Hopefully you didn't get either, these are two of the most advanced species and you're jumping right in. You should use the ladder system to gain experience for tarantulas.

Reactions: Like 1 | Dislike 2 | Agree 1 | Funny 1


----------



## jiacovazzi (Aug 18, 2016)

Toxoderidae said:


> And in regards to when I started, yes I did start only 4 - 6 months ago, but I had experience with rear fanged native venomous snakes, and the odd copperhead that came into my care, which is why I felt calm keeping pokies so soon, as aside from my little darter metallica and my overt- aggressive regalis, they just dive for the hide the moment I walk by.
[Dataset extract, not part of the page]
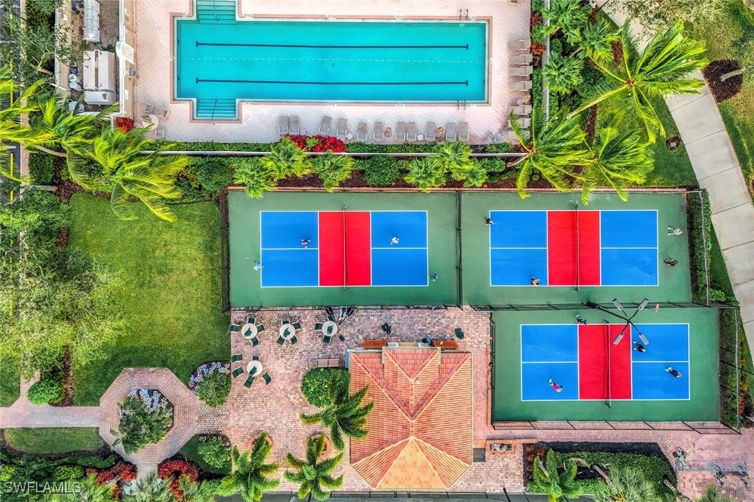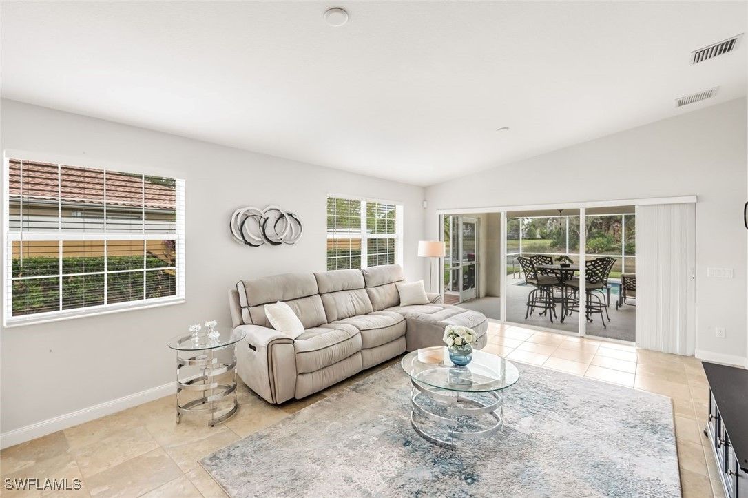 This move in ready home has many updates, including new roof and gutters (2025), A/C unit replaced (2020), refrigerator, stove, microwave (2022), new pool heater, pump, motor (2022) , new toilets and sink faucets (2022), and much more. A premium oversized lot makes the home light and bright with a beautiful long lake view from the private swimming pool and covered lanai. DiVosta poured concrete construction. Fresh neutral paint, very clean and well maintained. Just move in and enjoy life in peaceful VillageWalk, a guard gated community. VillageWalk offers an amenity-rich lifestyle. Resort style pool and lap pool, fitness center, eight lighted Har-Tru tennis courts, pickleball and bocce ball courts. Stroll or bike through miles of tree covered walking paths and bridges. On-site convenience services include a restaurant and café, gas station, car wash, post office, hair salon, and a full-time activities director, with a vibrant calendar of events hosted at the very active clubhouse. Ideally located just a short drive to Bonita Beach, as well as nearby shopping and dining, this is a wonderful opportunity to enjoy the best of Southwest Florida living.

Snakes do not prepare you for tarantulas. That's a false equivalency.

Reactions: Dislike 3 | Agree 7


----------



## Toxoderidae (Aug 18, 2016)

jiacovazzi said:


> Hopefully you didn't get either, these are two of the most advanced species and you're jumping right in. You should use the ladder system to gain experience for tarantulas.


Go away, this is an old and dead thread. If you read, which obviously is a skill you lack you would've seen I realized these species were too advanced, and still are too advanced for me. Honestly sad you went to a thread that is SIX MONTHS OLD just to attack me. Kudos to you.

Reactions: Agree 4 | Award 1


----------



## jiacovazzi (Aug 18, 2016)

Toxoderidae said:


> Go away, this is an old and dead thread. If you read, which obviously is a skill you lack you would've seen I realized these species were too advanced, and still are too advanced for me. Honestly sad you went to a thread that is SIX MONTHS OLD just to attack me. Kudos to you.


Stop playing the victim. The ladder system is what you should be using to gain experience.

Reactions: Like 1 | Dislike 4 | Funny 1


----------



## jiacovazzi (Aug 18, 2016)

Toxoderidae said:


> Go away, this is an old and dead thread. If you read, which obviously is a skill you lack you would've seen I realized these species were too advanced, and still are too advanced for me. Honestly sad you went to a thread that is SIX MONTHS OLD just to attack me. Kudos to you.


There are no such things as dead threads. There's always something to be learned, like how I learned that you advocate the ladder system but do not use it.

Reactions: Agree 1


----------



## Toxoderidae (Aug 18, 2016)

jiacovazzi said:


> There are no such things as dead threads. There's always something to be learned, like how I learned that you advocate the ladder system but do not use it.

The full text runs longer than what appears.